The effect of sample size on dancing¶
The zebrafish sleep experiment had only about 20 samples, so maybe larger sample sizes will result in less extreme dancing of odds ratios and p-values. Let's do a numerical experiment to look at that. We will take 15, 20, 50, and 100 samples for our experimental "repeats" and investigate how the p-value and odds ratio varies.
n_new_data = 10000
n_samples = [15, 20, 50, 100]
odds = np.empty((n_new_data, len(n_samples)))

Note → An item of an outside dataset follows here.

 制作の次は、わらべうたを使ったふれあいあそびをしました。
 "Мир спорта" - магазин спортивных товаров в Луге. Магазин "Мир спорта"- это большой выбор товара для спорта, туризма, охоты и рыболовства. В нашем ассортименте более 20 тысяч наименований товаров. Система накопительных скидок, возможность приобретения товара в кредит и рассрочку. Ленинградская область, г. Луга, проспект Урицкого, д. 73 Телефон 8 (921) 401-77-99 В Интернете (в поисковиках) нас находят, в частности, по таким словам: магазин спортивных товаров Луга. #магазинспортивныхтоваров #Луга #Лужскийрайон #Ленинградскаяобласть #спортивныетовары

p_vals = np.empty((n_new_data, len(n_samples)))
# Do calcs!
for i in range(n_new_data):
for j, n in enumerate(n_samples):
# Generate new data
new_wt = new_data(mu_wt, sigma_wt, n)
new_mut = new_data(mu_mut, sigma_mut, n)
# Compute odds ratio
res = analyze_bayes(new_wt, new_mut)
odds[i,j] = np.exp(res['log_odds_ratio'])
# Compute p-value
p_vals[i,j] = st.ttest_ind(new_wt, new_mut, equal_var=False)[1]/2
We'll make a plot of the probability distribution of odds ratios.
# Set up figure
fig, ax = plt.subplots(2, 1)
for j, n in enumerate(n_samples):
x, y = bebi103.ecdf(odds[:,j])
ax[0].semilogx(x, y, '.', color=sns.color_palette('Reds')[j+2],
label='n = {0:d}'.format(n))
x, y = bebi103.ecdf(p_vals[:,j])
ax[1].semilogx(x, y, '.', color=sns.color_palette('Blues')[j+2],
label='n = {0:d}'.format(n),)
ax[0].set_xlabel('odds ratio')
ax[0].set_ylabel('CDF')
ax[0].legend(loc='upper left')
ax[0].margins(y=0.02)
ax[1].set_xlabel('p-value')
ax[1].set_ylabel('CDF')
ax[1].legend(loc='upper left')
ax[1].margins(y=0.02)
plt.tight_layout()
We see that even though both the odds ration and the p-value have large spreads as the number of samples increases, they also shift leftward. This is because small differences in samples can be discerned with large sample sized.
This little exercise in reproducibility tells use that because the p-values and odds ratios "dance", we had better be sure the bonfire around which they dance be far to the left. This suggests large $n$.
I would argue that doing a "dance of the odds ratio" analysis might not be a bad idea to do if you are trying to refute or support hypotheses. If a "repeat" of your experiment might give you an inconclusive odds ratio, you need to do more experiments.